Another group of investigators used a large, 12-lead ECG dataset to train machine-learning models for the detection of HCM together with other elements of cardiac structure (LV mass, left atrial volume and early diastolic mitral annulus velocity) and disease (pulmonary arterial hypertension, cardiac amyloidosis and mitral valve prolapse)46. Although a different model architecture was applied from that in the aforementioned study, including a novel combination of CNNs and hidden Markov models, the performance of the model for the detection of HCM was also quite favourable, with an AUC of 0.91. Of note, the researchers also reported good performance for the detection of pulmonary arterial hypertension (AUC 0.94), cardiac amyloidosis (AUC 0.86) and mitral valve prolapse (AUC 0.77).
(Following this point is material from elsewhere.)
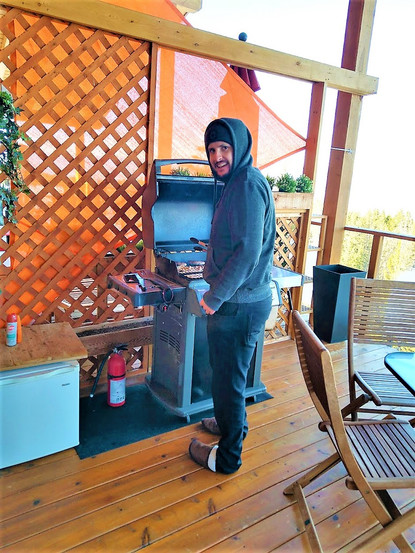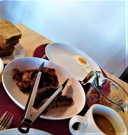 This week we had a fry up with barbecue bacon and sausage, a Greek themed dinner with the best barbecued pork loin I have ever tasted and he even managed to barbecue garlic bread!

The favourable diagnostic performance of these models suggests that HCM screening based on fully automated AI–ECG algorithms might be feasible in the future. External validations in other populations with greater racial diversity, as well as in athletes and in adolescents, will be crucial in the evaluation of the AI–ECG algorithm as a future screening tool for HCM in individuals at risk of adverse outcomes, particularly sudden cardiac death. Direct comparisons with other possible screening methods and cost-effectiveness and other practical implementation issues also need to be evaluated.

Detection of hyperkalaemia

Numerous studies have shown that either hyperkalaemia or hypokalaemia is associated with increased mortality, and evidence suggests that the mortality associated with hyperkalaemia might be linked to underdosing of evidence-based therapies47. Our group has evaluated the performance of an AI–ECG CNN for the detection of hyperkalaemia in patients with chronic kidney disease48,49. In the latest large-scale evaluation, the model was trained to detect serum potassium levels of ≥5.5 mmol/l using >1.5 million ECGs from nearly 450,000 patients who underwent contemporaneous assessment of serum potassium levels. This level of potassium was chosen because this threshold was thought to be clinically actionable. At this cut-off point, the model demonstrated 90% sensitivity and 89% sensitivity in a multicentre, external validation cohort49. This algorithm could be applied to detect clinically silent but clinically significant hyperkalaemia without a blood draw and could facilitate remote patient care, including diuretic dosing, timing of haemodialysis or adjustment of medications such as angiotensin-converting enzyme inhibitors or angiotensin-receptor blockers in the setting of heart failure or chronic kidney disease.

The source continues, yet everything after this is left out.